May 27, 2026 • 6 min read
AI & Automation Specialist
I design AI-powered communication systems. My work focuses on voice agents, WhatsApp chatbots, AI assistants, and workflow automation built primarily on Twilio, n8n, and modern LLMs like OpenAI and Claude. Over the past 7 years, I've shipped 30+ automation projects handling 250k+ monthly interactions.
If you enjoy the content that I make, you can subscribe and receive insightful information through email. No spam is going to be sent, just updates about interesting posts or specialized content that I talk about.
Most AI voice demos show you one call working in a browser. What they skip is the part where you need to go from one call to 500 simultaneous ones without rebuilding everything.
The system I'm walking through here handles exactly that. Single calls, bulk campaigns from a CSV, configurable per-contact context fed directly to the agent, and an architecture built on LiveKit's cloud plus Twilio's global telephony network. The ceiling, once this is configured correctly, is over 1000 concurrent calls per minute.
The web interface exposes two modes. Single call mode takes a phone number, an optional contact name, a voice configuration, language selection (English or Spanish), and a free-text context block where you describe the situation the agent should know about. In the demo I ran, the context was that a customer had added a 43-inch Smart TV to their cart but didn't complete the purchase. The agent handled the rejection cleanly and ended the call.
Campaign mode takes a CSV. Columns map to phone number, name, and any additional context columns you want the agent to pull from at call time. That last part matters: the context is not static across the campaign. Each contact can carry its own data, which the agent reads before dialing. That's the difference between a blast dialer and something that can actually personalize at scale.
Voice provider options include Cartesia, Deepgram, Rime, and ElevenLabs, each with their own language variants. You can preview before committing. There's also an active calls view that surfaces what's running at any given moment.
The architecture
The request path starts at the web frontend, which fires a `POST /call` to the FastAPI backend. From there the backend dispatches that call as a task to LiveKit's cloud. It never tries to manage the media itself.

Once the LiveKit Room is created, three participants join it: the agent worker, the AI model, and eventually the called party. Speech-to-text runs through Deepgram's native inference on the LiveKit side. The LLM layer is GPT-4o Mini on OpenAI. Text-to-speech goes through Cartesia. All of this runs inside LiveKit's infrastructure, not yours.
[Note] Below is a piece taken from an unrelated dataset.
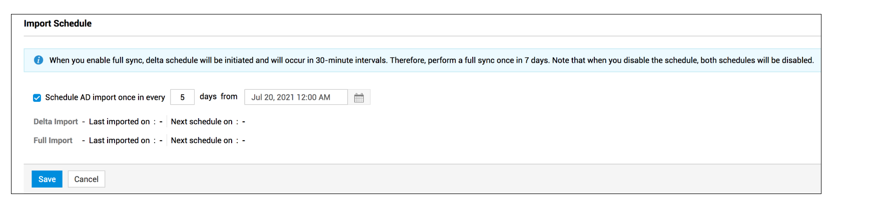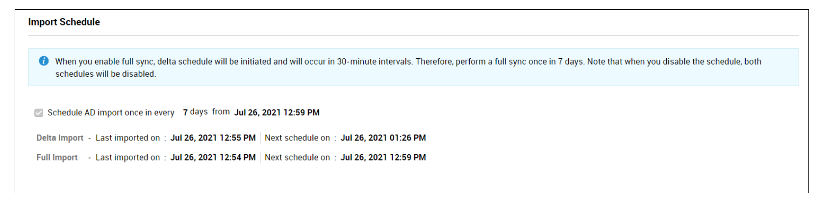 - Active Directory 中更新的用户详细信息将通过 Delta Sync 反映在 ServiceDesk Plus 中。该计划在前一个导入计划完成 30 分钟后启动。

The connection between LiveKit and Twilio goes through SIP trunks. This is the piece that makes concurrency possible.
SIP trunks are a telephony standard for sending and receiving calls over a private or public network. In this setup you're connecting LiveKit's SIP network to Twilio's SIP network. Both platforms handle their own side of the media relay, routing, and geographic distribution. You're not provisioning servers, you're not managing latency across regions, you're not worrying about whether your backend can handle 400 simultaneous audio streams. You configure the trunk once and let both platforms handle the rest.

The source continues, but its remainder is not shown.